Tea	Region	Leaf type	Fermentation mode	Heritage status
Awa Bancha (阿波晩茶)	Tokushima, Japan (Shikoku)	C. sinensis var. sinensis; yamacha + Yabukita	Single-stage anaerobic (LAB only)	Important Intangible Folk Cultural Property, 2021
Goishi-cha (碁石茶)	&Otoyo;-chō, Kōchi, Japan	C. sinensis var. sinensis; yamacha + Yabukita	Two-stage: aerobic mould → anaerobic LAB	Important Intangible Folk Cultural Property, 2026
Ishizuchi-san Kurocha (石鎚黒茶)	Saijō, Ehime, Japan	C. sinensis var. sinensis	Two-stage: aerobic mould → anaerobic LAB	Important Intangible Folk Cultural Property, 2023
Lahpet (လက်ဖက်)	Shan State, Myanmar	C. sinensis var. assamica (large-leaf)	Single-stage anaerobic (LAB; pits / sealed sacks)	UNESCO ICH submission, 2026
Suancha (酸茶)	Yunnan, PRC (De’ang & Bulang)	C. sinensis var. assamica	Single-stage anaerobic (LAB; bamboo tubes / pits)	PRC ICH VIII-268, 2021; UNESCO 2022 (sub-item)

Table 1. Sources: Japanese Agency for Cultural Affairs national database;^1,16,26 PRC ICH database;⁴³ Mekong Tourism Organisation.⁴²

 

Awa Bancha (阿波晩茶) — Tokushima, Japan

History

Awa Bancha is produced in the mountainous interior of Tokushima Prefecture, in and around Kamikatsu (上勝町), the Naka River valley, and Minami Town. Local lore ties its origin story to the Buddhist monk Kobo Daishi (aka Ku Kai, 空海, 774–835 CE), founder of the Shingon school, who is said to have brought tea seeds back from Tang-dynasty China and introduced the technique of fermenting boiled leaves in wooden vessels. We have found no documents that prove or disprove this story.

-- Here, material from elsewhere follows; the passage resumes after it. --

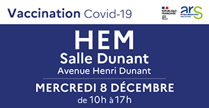 Rendez-vous mercredi 8 décembre de 10h à 17h à la salle Dunant, avenue Henri Dunant pour la dose de rappel ou une 1ère injection. Cette vaccination est ouverte à tous dès 12 ans, sans rendez-vous et gratuite. Il suffit de se présenter avec sa carte vitale et une pièce d’identité.

We can, however, quote the 1882 Tokushima Prefecture Statistical Table (明治15年 徳島県統計表), which records bancha production at approximately 284 metric tonnes — nearly double that of green tea in the same year. Whereas modern Japanese folks drink predominantly green tea, Tokushima's traditional bancha seems to have been the drink of the people back in the day!

By the early 2000s, Awa Bancha was considered a regional relic, mostly consumed by old folks in the villages. There are, fortunately, many people working to preserve this wonderful tea these days. The Japanese government, in 2021, designated the manufacturing technique as a National Important Intangible Folk Cultural Property (重要無形民俗文化財). Our old friends Ikawa (in Naka) and Kana and Sil (in Kamikatsu) are some of the young folks sharing Awa Bancha with the world.

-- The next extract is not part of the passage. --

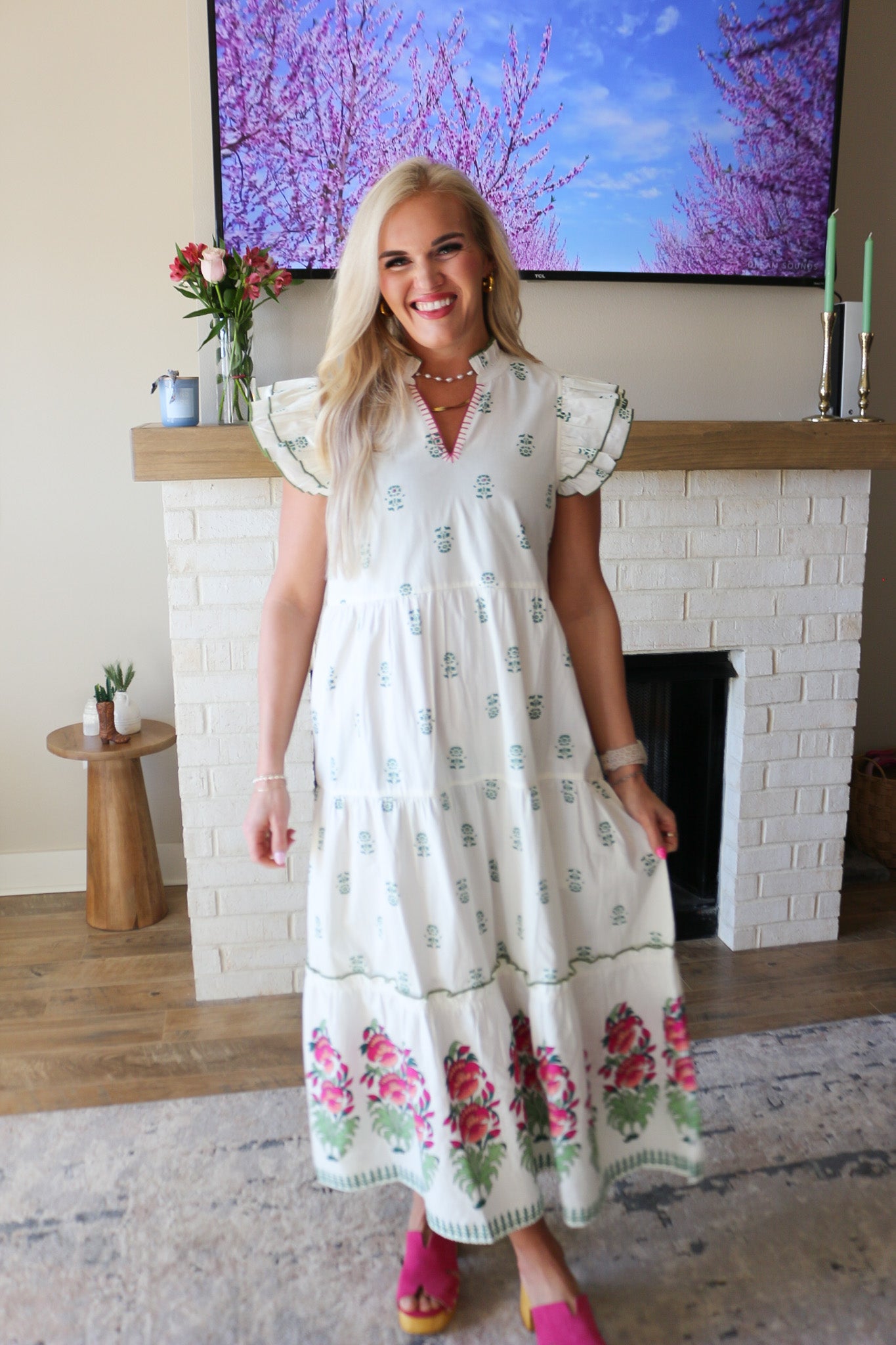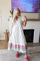 Twirl into romance with this enchanting white floral maxi dress. The Welton features delicate blooms scattered across a flowing silhouette that moves beautifully with every step. Perfect for garden parties, brunches, or any occasion calling for effortless elegance. The maxi length and airy fabric create a dreamy, feminine look that whispers vintage charm with a modern twist. Slip it on and let the florals do the talking.

In Shizuoka, the Tatara family and the Bancha Research Association are working hard to preserve old tea recipes from Japan. Tatara San uses heirloom leaves from Shizuoka to create some really delicious 'Awa Bancha Style' fermented tea.

Geography and process

Awa Bancha's production zones sit within evergreen forests. Tea is usually made in the middle of summer, when heat and humidity feel overwhelming to most modern urban folks. These conditions strongly favour lactic acid bacteria proliferation.

The kill-green step involves boiling the leaves. In Kamikatsu, producers then rub the leaves by hand in a boat-shaped wooden trough called a cha-suri-bune (茶摺り舟). In the Naka valley, a motorised kneading machine handles this step, and boiling often continues for up to twenty minutes over wood-fired cauldrons fed by spring water.

The rubbed leaves are packed into wooden barrels (oke, 桶); some younger producers use food grade plastic tubs. The mass is trampled to expel air, sealed with 'basho' (a type of banana) leaves, weighted with stones, and flooded with the parboiling liquor. No starter culture is added. The bacteria driving fermentation live in the barrel walls themselves, in the leaves, and in the room.⁴ After 10 days to four weeks, the liquid is drained and the leaves are sun-dried for two to three days on straw mats.¹

Microbiology

Since every granny that we know has her own recipe of Awa Bancha, we tend to take most articles as a valid representation of the tea samples in question - but probably not of the whole Awa Bancha universe.  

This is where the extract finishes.